This story reflects the views of this author, but not necessarily the editorial position of Fast Company.

For years, economists and politicians have complained about the abuse of the H1-B visa program—claiming that a system meant to attract highly skilled workers for roles that Silicon Valley struggled to fill in the States was being used to staff tech positions at pay rates too low for most Americans to accept. On the campaign trail, Donald Trump stressed the need to revamp the system by raising the wage requirement and hiring Americans: "I will end forever the use of the H-1B as a cheap labor program, and institute an absolute requirement to hire American workers for every visa and immigration program. No exceptions."

The Trump administration has recently drafted an executive order to prepare for such an overhaul, which includes the following:

Our country's immigration policies should be designed and implemented to serve, first and foremost, the U.S. national interest . . . Visa programs for foreign workers . . . should be administered in a manner that protects the civil rights of American workers and current lawful residents, and that prioritizes the protection of American workers—our forgotten working people—and the jobs they hold.

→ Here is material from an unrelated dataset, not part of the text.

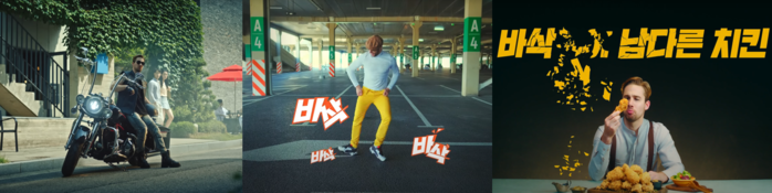 가장 먼저 공개된 ‘바이크편’은 도심 한복판에 세워진 바이크의 페달을 밟는 순간 바삭 소리가 들려오며 주변의 시선을 끄는 모습이 이색적인 재미를 선사한다. ‘댄스편’은 흥겨운 리듬에 몸을 맡기며 스텝을 밟을 때마다 바삭 소리가 신선하게 다가온다. 마지막 ‘ASMR편’은 고요한 분위기 속 치킨을 한입 씹을 때마다 전해지는 바삭소리와 함께 상단에 위치한 글자들이 하나씩 부숴지는 모습이 인상 깊다.

But to make good on these "America First" intentions, the Trump team is championing certain proposals that could undermine them. One potential unintended outcome, labor experts believe, would be to encourage U.S. companies to outsource labor to India and other low-wage markets, thereby taking those jobs from Americans. And an even likelier consequence is that consumer products, from the iPhone to VR headsets, could surge in price as companies are forced to raise wages to attract American workers.

VIDEO: HOW AN EXECUTIVE ORDER ON H-1B VISAS COULD ACTUALLY HURT THE AMERICAN WORKFORCE

The draft order also proposes several changes to other visas vital to Silicon Valley, such as shrinking the amount of time a foreigner with a student visa is allowed to work in the U.S. after graduating. Another provision that's up for elimination is the L1 visa, which lets companies transfer a foreign worker from an overseas branch to its U.S. office.

There's little doubt that the current H1-B visa system has strayed from its original intention of hiring workers for highly technical positions—those that tend to command big salaries—in science, technology, engineering, and math at companies like Google and Apple. These days, many H-1B visas go to to companies like Tata Consultancy and Infosys, which recruit low-wage workers primarily from India to staff the technology departments of major American firms. Trump and fellow reform advocates aren't wrong to point up that problem.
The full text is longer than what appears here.